Monday, 11 June 2012

42: World’s Oldest Fish

“Hey, Jen.  Know the number for Guinness Book of Records?”

“Why might I know something like that, Connor?  You ask some weird things but that’s got to be one of the oddest ever.”

“Well you know all kinds of stuff.  I thought you might, you know, know the number.”

“No, but I suppose it would be online somewhere.  Why do you need it anyway?”

“I want to register my fish.”

“What as?  Isn’t it just a normal fish?”

“It’s an old, old fish.  I think it’s the oldest in the world.”

“Connor, how old is your fish?  I didn’t even know you had a fish.”

“I got Flippy for my eighth birthday and he’s been with me ever since.  He’s on holiday with my Mum right now.”

“So, he’s what, fifteen?”

“Yep, at least.  Who knows how old he was when I got him.”

“Connor, I don’t think fish last that long.  Only a couple of years at best.  Are you sure it’s the same fish?”

“Of course.  I’d know him anywhere.  What a thing to say.”

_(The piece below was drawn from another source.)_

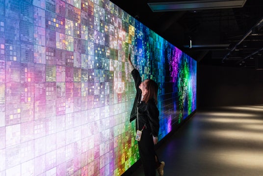 「群蝶共舞」では、来場者がパネルに触れると何百匹もの蝶が舞い踊る。来場者は一緒に「チップ」モザイクを消し、未来の劇場の序幕を開ける。「ハートビートスマートブレスレット」は、来場者の「心拍曲線」を記録し、さまざまな心拍曲線に基づいて最適な観光プランを推奨し、来場体験を日常生活にまで広げる。

“Well some parents have been known to replace a dead fish with a live one to save their children being upset.  I just meant maybe your Mum might have bought you a new Flippy over the years.”

“You’re thinking of my sister’s hamster, aren’t you?  Fluffy lived to be eight and she started white, had a couple of years of pale gold, and then went back to white but with a longer tail.  I think that was Mum but I never let on.”

“And Flippy never changed colour or shrank or anything?”

“Nope, he just sat there, looking at me, with his mouth open.”

“Well, I suppose it’s worth giving them a ring and asking.  Wow, imagine.  The oldest goldfish in the world!”

“He’s not a goldfish, Jen.”


“No, he’s a stuffed trout.”

Inspired by 'World’s Oldest Fish trap' found off coast of Sweden'

Sunday, 10 June 2012

41: Buckets?

The rain had been falling for days and days.  The land was flat so there was little chance of water running downhill.  Puddles sat everywhere, many of them growing so quickly they were joining up into small lakes.  Within a week the entire plains region was expected to be underwater.  Unless something was done.

Farmers were asked to help by digging channels in their fields so the rainwater would run away and could be diverted to other areas or into the sea.  But most of the rain didn’t fall in the farming areas, so the farmers wanted the water routing to them.

The army were asked to help by building barricades round the worst areas, to hold back the water.  But the water seeped between gaps in the planks and found its way out anyway and soon the barricades were under water too.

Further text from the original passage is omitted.